In advance of the markup, NACDS released a video message reminding the U.S. Congress that true and comprehensive PBM reform must include Medicare and Medicaid.
[Read more: NACDS, Johns Hopkins report: Pharmacies play a vital role in achieving health equity]
The National Community Pharmacists Association also lauded the Senate Finance Committee’s actions. “PBM-insurers have gotten away with their anticompetitive, damaging tactics for too long. Independent pharmacies and the patients they serve need the transparency and relief that the reforms in this package will help provide,” said Anne Cassity, senior vice president of government affairs at NCPA.
Cassity continued, “The Senate Finance Committee has been leading the way in Congress when it comes to examining PBM-insurers, having first held a hearing on this issue back in 2019. In the time since, Chairman Wyden, Ranking Member Crapo and their colleagues and staff have worked hard to understand the issues at hand and develop a package to address them. We’re grateful for the committee’s tireless efforts and are eager partners in seeing that comprehensive PBM reforms move through the process and are signed into law.”

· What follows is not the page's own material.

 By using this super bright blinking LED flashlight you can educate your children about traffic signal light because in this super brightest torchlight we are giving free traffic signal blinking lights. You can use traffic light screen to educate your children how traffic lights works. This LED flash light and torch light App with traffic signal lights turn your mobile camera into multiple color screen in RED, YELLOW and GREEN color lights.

The Senior Care Pharmacy Coalition, the leading national voice for the long-term care pharmacy community, also applauded the Senate Finance Committee for its strong, bipartisan passage of the Modernizing and Ensuring PBM Accountability Act.

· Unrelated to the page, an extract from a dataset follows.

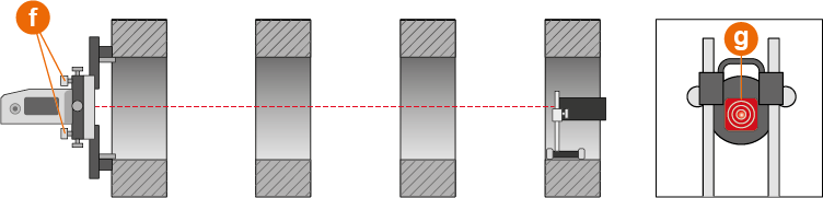 - 使用千分尺调整螺钉 [f] 调整激光束的角度,直到激光束击中探测器目标的中心 [g]。

The package includes several priority reforms that the LTC pharmacy community has advocated for to increase transparency into PBM business practices while promoting better access to care and lowering costs for the millions of patients they serve every day across the country.

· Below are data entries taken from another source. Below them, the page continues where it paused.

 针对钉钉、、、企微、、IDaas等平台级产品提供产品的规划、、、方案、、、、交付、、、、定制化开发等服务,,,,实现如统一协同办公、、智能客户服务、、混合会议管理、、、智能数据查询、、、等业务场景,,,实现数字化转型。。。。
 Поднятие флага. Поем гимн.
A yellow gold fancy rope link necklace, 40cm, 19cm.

Several SCPC priorities specific to LTC pharmacies are included in the package along with broader reforms relevant to all pharmacies. Among the key elements of the bill are:
- Medicare Part D provisions requiring MedPAC to report publicly regarding the information PBMs disclose, including payment differentials between pharmacies affiliated with PBMs and unaffiliated pharmacies;
- Medicare Part D provisions requiring CMS to develop standardized quality measures by pharmacy type, including specific LTC pharmacy metrics, which all Part D Plans would have to use to evaluate pharmacy quality and adjust payments;
- Medicare Part D provisions requiring claims-level transparency and establishing a payment floor to cover based on pharmacy costs to acquire and dispense a covered drug to a plan enrollee;
- Medicaid provisions that would require Medicaid managed care plans to reimburse pharmacies based on average acquisition costs and the Medicaid fee-for-service dispensing fee; and
- Perhaps most importantly for helping to address the cost of prescriptions, the bill would delink PBM compensation from the cost of medications. This would prevent PBMs from pocketing and profiting from ever-increasing list prices and rebates and require them to disclose why they classify certain medications as specialty drugs to prevent them from steering patients to PBM-affiliated specialty pharmacies.
“For too many years, PBMs have been allowed to force their heavy-handed, profit-driven tactics on patients and the pharmacies that serve them. Fortunately, our leaders in Congress are taking important steps to put patient health and access ahead of PBMs’ bottom lines,” said Alan Rosenbloom, president and CEO of the Senior Care Pharmacy Coalition. “On behalf of the long-term care pharmacy community, I commend Chairman Wyden, Ranking Member Crapo, and members of the Senate Finance Committee for their efforts to increase transparency and finally rein in the anti-competitive and unfair business practices of PBMs. Long-term care pharmacies across the U.S. stand behind them and are eager to see this important legislation passed in 2023.”